Freshman Move In Day at the Dorm
Earlier this week, my husband and I drove 11+ hours to take his son Jordan to college in Washington, DC. He is beginning his freshman year at George Washington University (GW) on Monday. It was an exhausting drive, mostly because we had to turn around and do it in reverse the next day, but it was still fun. And Jordan gets to begin a new life, and Al and I have an empty nest for the first time.
Over the same few days, I wrapped up my first big academic paper in graduate school. I dragged my heals for AGES on that one. "Pulling teeth" is the phrase that comes to mind when I think of how hard it was to dig into that paper. It had nothing to do with the material (which I love), and everything to do with the garbage going on between my two ears. Yes, my brain is a cluster #$%&.

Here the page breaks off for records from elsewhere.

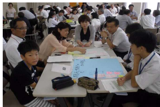
第7回CS研修会in木島平小学校 協議：七 が：参 の加小 子し中 見高 見校 交生 換、i す地 る域 熟住 木島
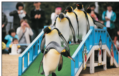
長崎企鵝水族館(長崎，日本)
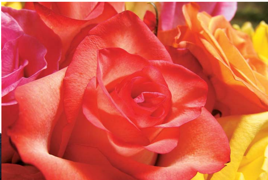
Macro El enfoque macro de hasta 2cm permite llenar el fotograma con imágenes de asombroso detalle.
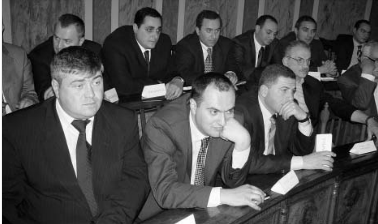
ახალი და ძველი სავარძლების მოლოდინში.

Here is the brain garbage in a nutshell: self-loathing, blah, blah, blah, nobody ever taught me how to think, blah, blah, blah....blah, I can't do this, I have ADD!!, I'm not smart enough, I don't have time for this, I need to make money, I'm about to be 60 for God's sake.....aaaAAARRGGGHHHH!!! (Loud scream heard in the background.) Blah. Blah blah.
But, I wrote the paper. And, I passed. And, my professor liked what I wrote. And, I only used the tiny portion of my brain available to me, so imagine what I could do if I could quiet the Screaming Mimis that take up the majority of the space. (I just looked up Screaming Mimi. It's a piece of German World War II rocket artillery. I love finding out the meaning of phrases I have heard for ever, but didn't realize I understood.)

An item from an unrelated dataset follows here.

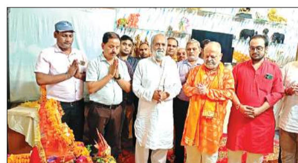
बाल विद्यालय शिक्षण संस्थान में गणेश वंदना।

I always assumed that by the time I approached 60 I would be a Zen Master. Certainly, after all that one has lived through, you have figured most things out and have let go of the garbage that doesn't serve you. Surprise! You are still you. Drat! And, yet, when I entered that dorm room the other day and looked about, I felt in my bones how long my path has been. I do vividly remember moving into my dorm room at the University of Georgia in the Fall of 1972. Everything was in front of me, and yet, I let the Screaming Mimis run over my life instead of confidently putting one foot in front of the other, eager to explore and craft a fine future. I thought, if only I could go back and do it all over knowing what I know now. What a useless mental exercise that is.
In truth, my life has been mine and I have enjoyed the ride: bumps, unending hills, and free falls alike. I'm not planning on going anywhere anytime soon, but over the past year I have, for the first time, come to realize that my time is limited. Will I leave a legacy? Does a plain old person leave a legacy or do you have to be grand and famous for that? It is freaking me out more than a bit to realize that I will die. Who wants to think about that? But, it is a grand thing - this life - if you appreciate the moments that fill it. And, if you have grandchildren, well, what could be more grand?
And so, today I enter my own new phase of life because I woke up. And, tomorrow will be yet another new phase. It's nothing as grand as Freshman year away from home for the first time. But, as I look back on the days that have filled my life since I first walked into Brumby Hall some 42 years ago (gulp) I smile with the weight of experience and continue on, happy to breathe, work, love and play for one more day.
I'd say, "At least I don't have homework anymore," but I do!